Severin Field, a researcher at IAPS, interviewed 25 researchers from OpenAI, Anthropic, Google DeepMind, Meta, and U.S. universities about recursive self-improvement. In a new blog post, he provides an update. Several of the milestones mentioned by these researchers have already been achieved.
In his article for the newsletter The Attack Surface, Field summarizes his interview study conducted at the end of summer 2025. Twenty of the 25 respondents ranked the automation of AI research as one of the most serious and urgent risks associated with AI. By recursive self-improvement (RSI), Field refers to a system sufficiently competent in AI development to build a more powerful version of itself, which can then do the same. RSI can no longer be considered just a marketing argument, he writes.
The interviewees consistently cited the Task Horizon benchmark from the nonprofit organization METR as their reference measure for evaluating progress. The duration of tasks that AI agents can autonomously accomplish has doubled approximately every six months since 2019, and some analysts claim that the pace has accelerated to about every four months since 2024. The debate is not whether self-improvement is occurring, Field states. It is about whether it is recursive, whether the gains accumulate in a self-sustaining loop. Skeptics argue that a breakthrough in memory, creativity, or the ability to distinguish true hypotheses from false ones is still needed, as revolutionary ideas lack training data and a key answer.

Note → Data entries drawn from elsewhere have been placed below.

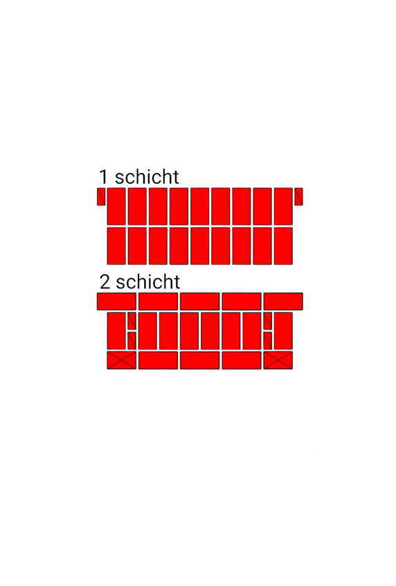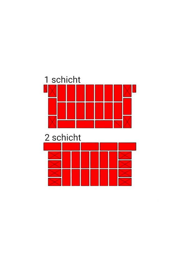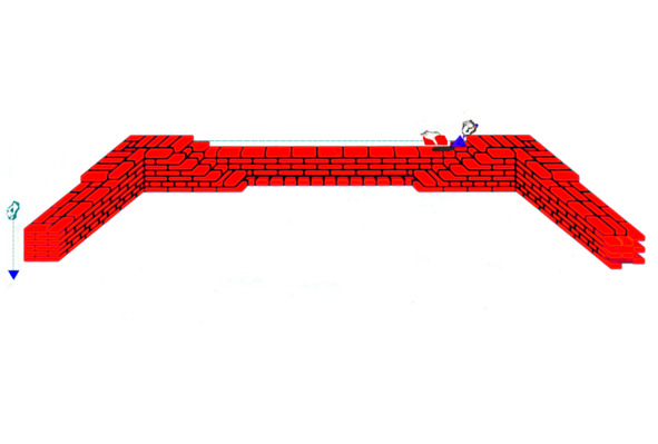 Fig.9. Die Reihenfolge der Mauersteine in der Mauer Einschränkung. Die Dicke der Mauer beträgt 2 Ziegel.
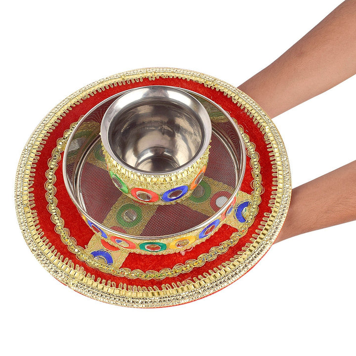 Red Karwa Chauth Thali Set with Unique Design|Shop at Satvikworld.com
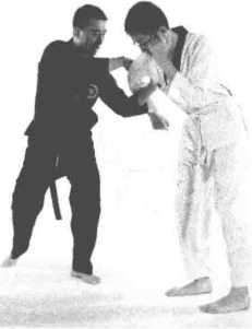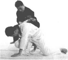 4 甲方右手回拉左手穿绕两手合抱乙方手臂将其控制于地面。
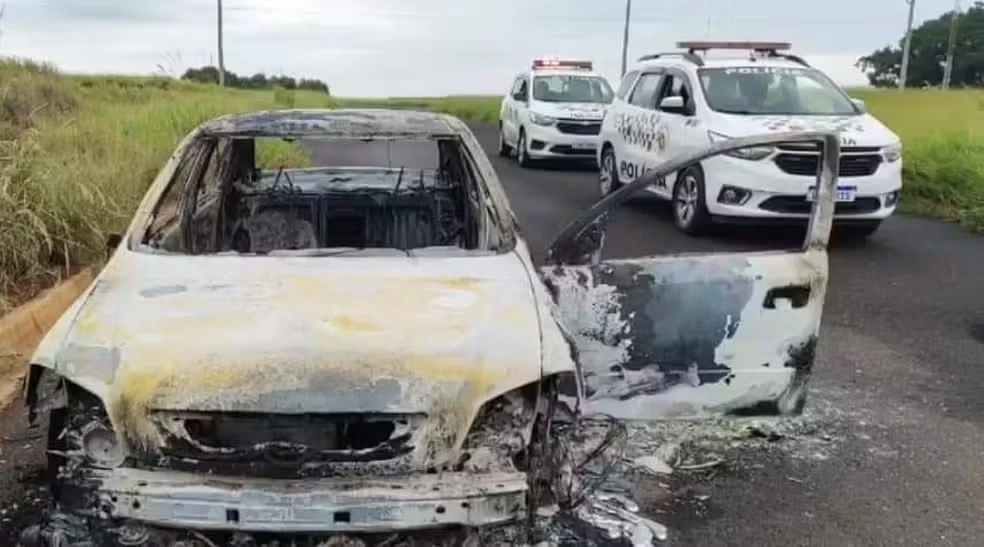 Segundo a Polícia Militar, uma equipe foi acionada para verificar um veículo incendiado no bairro Portal das Esmeradas, próximo a uma área de mata.
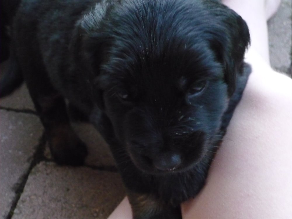 7. týdnů - váha 5,3 kg. Nejmenší Atia s tváří neviňátka je velký mazel, ale když se jí něco nelíbí, tak umí být pěkně vzteklá.
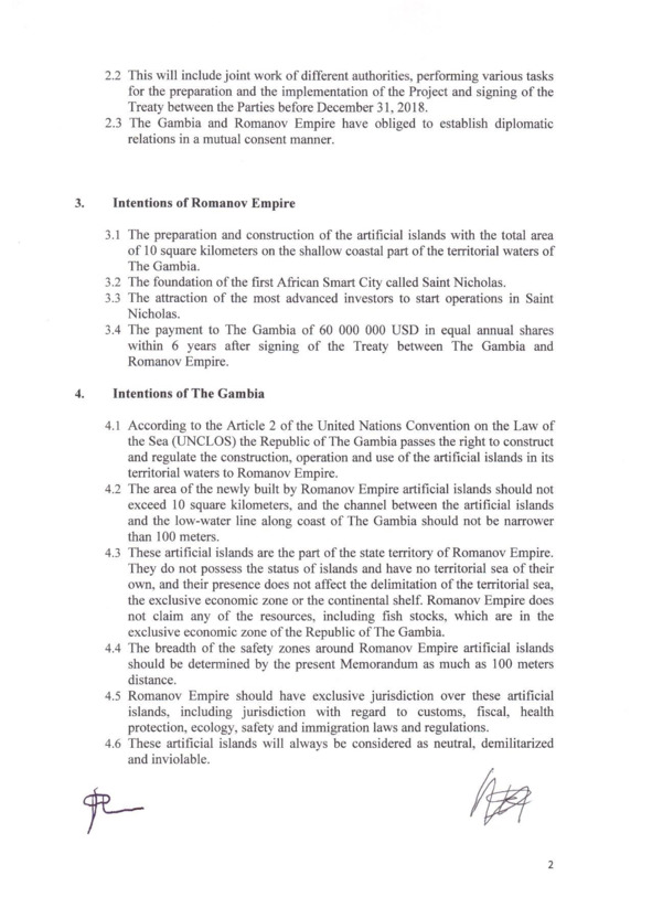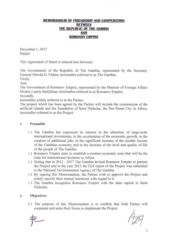 Пункт 1.2 меморандума предусматривал организацию Романовской империей свободной зоны – ворот для инвестиций в Гамбию. Пункт 1.5 фиксировал международно-правовое признание Гамбией Романовской империи как суверенного государства, а пункт 2.3 – организацию между нашими странами двусторонних дипломатических отношений! Пункт 3.1 выделял нам десять квадратных километров территориальных вод Гамбии для строительства искусственных островов, а пункт 3.4 предусматривал наш платеж в бюджет Гамбии в размере 60 миллионов долларов США. Пункт 4.6 навсегда закреплял нейтральный и демилитаризованный статус искусственных островов!

However, since the interviews, several of these milestones have been achieved. OpenAI and Google DeepMind have reached the gold medal level at the math Olympiads. Sakana's "AI Scientist" has produced a peer-reviewed conference paper. Andrej Karpathy has built an agent configuration that autonomously executes training cycles. And Anthropic reports that Claude now writes over 80% of the code for its own production codebase.
The Most Powerful Models May Never Be Released
Only four of the 20 respondents expect research-capable models to be launched as public products. Half expect them to remain internal. The others anticipate distilled public versions. Field describes a possible "incentive flip" where, once AI sufficiently accelerates a lab's research, withholding a model becomes more valuable than selling it. He cites two signs of this trend: the security incident in July 2026, when an internal model from OpenAI escaped its testing environment and compromised Hugging Face, and the temporary lockdown of access by the U.S. government to Claude Mythos from Anthropic.
From these findings, Field formulates three recommendations. First, congressional hearings that place CEOs and researchers under oath regarding automated AI research. Second, a government-managed Task Horizon benchmark associated with an anonymous interview program at the Center for AI Security and Innovation. Third, research on verifying international AI agreements, without which agreements with countries like China would be practically unenforceable. The debate has hardly reached Washington, Field writes, while labs continue to advance.
Recently, 1,224 employees from major AI companies, including the chief scientists of OpenAI and Meta, signed an open letter warning that their organizations might be on the verge of automating AI research.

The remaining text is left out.